Photo of Richard Parkinson and Michael Guralnick, Citi accepting on behalf of Fred Tang.

Fred Tang

Senior Treasury Manager
Unilever logo

One of the world’s most successful consumer goods companies, Unilever employs 163,000 people in approximately 100 countries worldwide. In 2009 the company’s worldwide turnover was €39.8 billion. The company has had a presence in China since 1923.

in partnership with

Citi logo

Unilever (China) was looking to partner with a bank to implement a supplier finance solution. Unilever wanted the solution to be attractive from both an economic and operational point of view for Unilever (China) and its suppliers, specifically meeting the goals of:

  • Improving working capital by increasing DPO tenor and reducing working capital cost.

  • Mutual benefits for Unilever (China) and the suppliers.

  • Streamlined operation from shipment to payment.

In the past few years, supplier finance has attracted increasing attention in China as a method to reduce the overall supply chain cost. “There are mainly two approaches to handle supplier finance, one is leveraging the electronic platform, and the other is based on the commercial draft,” says Fred Tang, Unilever (China).

The electronic method is based on open account terms under which the PBOC regulated short-term loan rate applies for financing cost.
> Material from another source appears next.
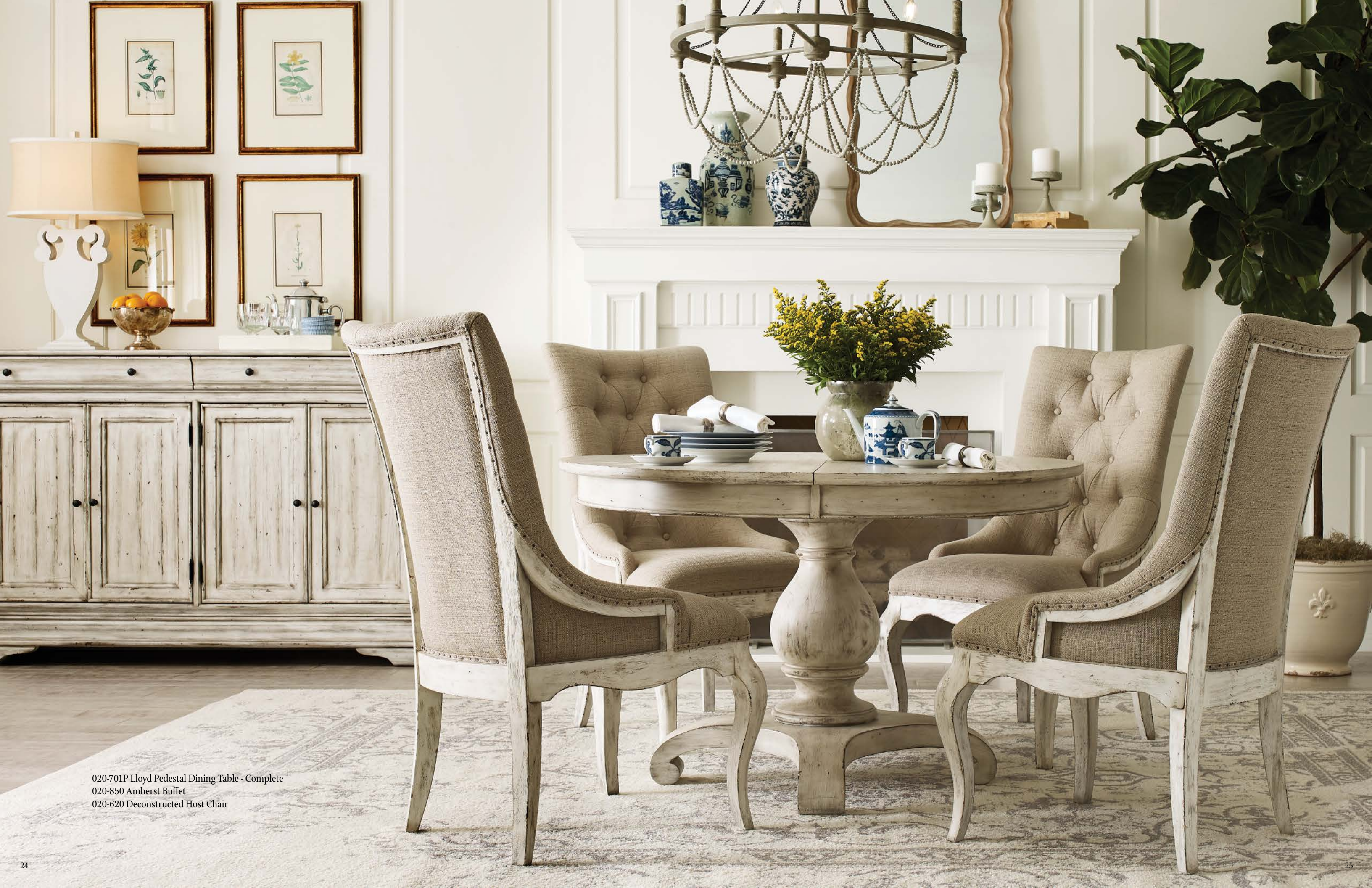
020-701P Lloyd Pedestal Dining Table - Complete 020-850 Amherst Buffet 020-620 Deconstructed Host Chair

While under the commercial draft solution, it is paper based and the draft discounting rate applies. The rate of draft discounting is market-driven, and most of the time, lower than regulated short-term loan rates.

Tang explains, “Citi China’s solution is to take advantage of both options and customise a specific one for Unilever China.”
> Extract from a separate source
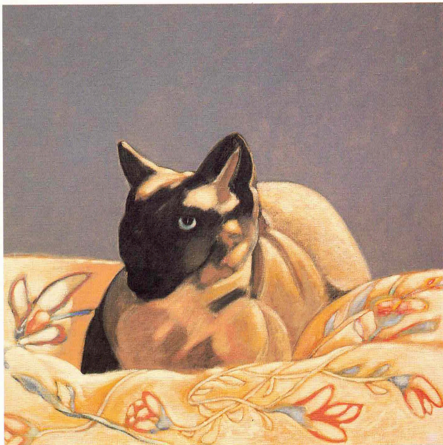
Interior. 92 x 92 cm.

“Our DPO is extended and cost of working capital is significantly reduced with this solution. Overall supply chain efficiency is achieved without risk to suppliers.”

The solution uses the commercial draft as the underlying instrument in order to enjoy a better financing rate. Citi acts as the paying agent for Unilever, who undertakes to pay on due date per the commercial draft. Citi will enter a discounting agreement with the suppliers and purchase the drafts from suppliers on a without recourse basis. Either occasional financing based on suppliers’ ad-hoc request or permanent financing with automatic discounting is supported. Most suppliers select automatic discounting.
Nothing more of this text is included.